Presently about 400 women are involved. About 600 more are required for the study’s completion. If you’re a woman age 55 and over, have not had a heart attack or stroke, and want to participate, email warmheartsresearch@gmail.com.
And who knows? One day, women around the world might be given the Manitoba risk assessment, instead of the Framingham test.
The difference between men and women… under the microscope
Dr. Ross Feldman’s work on an estrogen hormone receptor’s role in women’s heart health has been featured before in the Free Press. The principal investigator of women’s health at the Institute of Cardiovascular Sciences at St. Boniface and his team found a variation of a commonly found receptor, called GPER. The receptor helps regulate many bodily functions, including blood pressure.
The variant version of the receptor is present in about 25 per cent of the population and is associated with increased heart disease risk.
Feldman notes estrogen has long been considered protective against cardiovascular disease for women before menopause. And thus it was assumed that its decreased levels after menopause play a role in doubling their risk of heart disease compared with men the same age.
But research shows it’s not lower estrogen levels that elevate heart disease risk. Instead, it’s the interaction between the reproductive hormone and GPER, specifically its variant.
“So if you have the second-rate version of GPER, you are likely to have higher blood pressure and higher cholesterol” after menopause, Feldman says. While men have the receptor too, it has little bearing on disease.
“But if you are a woman, the odds of you having hard-to-treat blood pressure and the bad version of GPER are twice that of the general population.”
The reason remains a mystery, and that is the focus of Feldman’s work examining male and female differences at the cellular level. A greater understanding of these biomechanisms, he says, may one day lead to sex-specific preventative care and therapies.
Fighting cancer without sacrificing the heart
Some side effects of chemotherapy, such as hair loss and nausea, are well known.
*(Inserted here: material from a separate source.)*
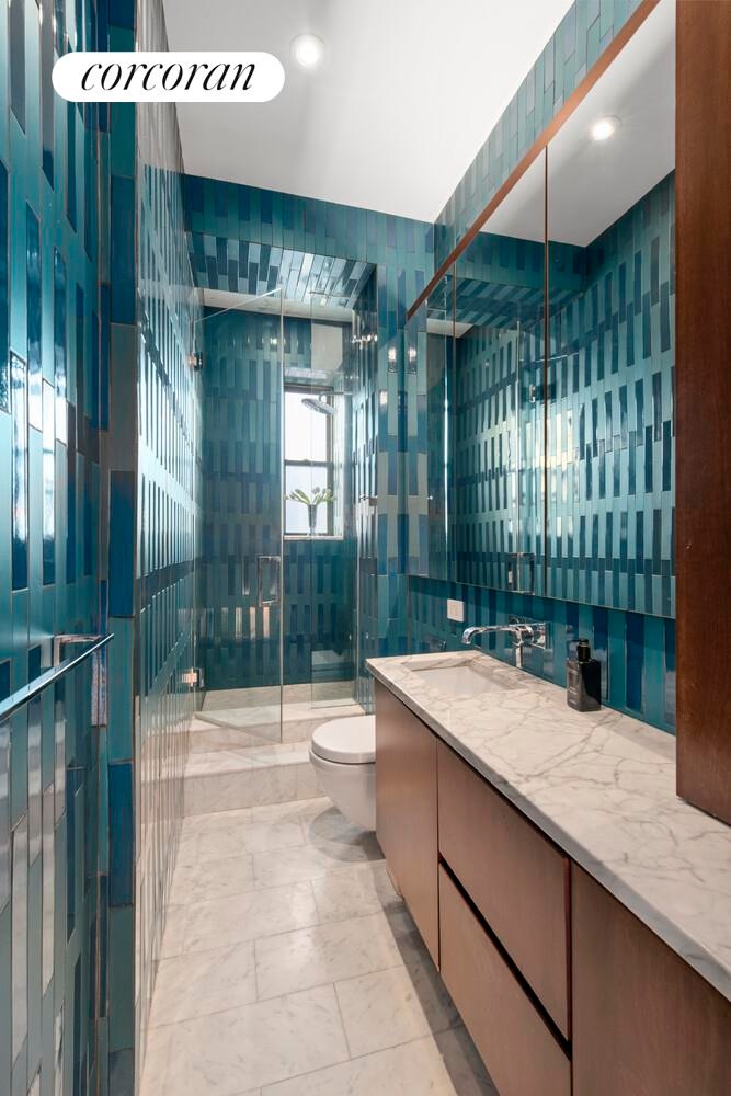 The windowed bathroom is a true retreat. Handmade Heath ceramic tiles in a signature blue line the walls, while marble floors with radiant heat, a glass-enclosed rain shower, Grohe fixtures, and a custom mirrored cabinet with built-in storage and laundry hamper complete this beautifully appointed space.

But a lesser known one — heart failure — is among the more troubling side effects when patients undergo treatment for breast cancer. Doxorubicin (also referred to as anthracycline) is the most common, and generally best, treatment for the breast cancer.
“It’s great for killing the cancer cells, but bad for the heart,” says Dr. Davinder Jassal, a cardiologist and a principal investigator at St. Boniface. “One in four women who receive this chemotherapy will actually develop heart failure.”
That’s why he and another researcher, Dr. Scott Grandy, an oncologist at Dalhousie University in Halifax, are leading a new study supported by the Canadian Cancer Society and Canadian Institutes of Health Research.
Called EXACT 2.0 (EXercise to prevent AnthraCycline-based Cardio-Toxicity), it builds on previous work demonstrating regular exercise can prevent heart failure. “We saw that their heart function was maintained,” says Grandy. The previous pilot study involved women exercising twice a week at the hospital. But that “turned out to be a major barrier for a lot of participants because they didn’t want to go back there any more than they had to,” he adds.
So the new study — now underway — wants to find out if women exercising 30 to 60 minutes at a time, twice a week at home, receive similar benefit.
“The goal is to eventually have a program prescribed with their chemotherapy to offset its negative impacts, specifically to the heart.”
Only rather than in a clinical setting, it can done all from the comfort of their home, Grandy adds.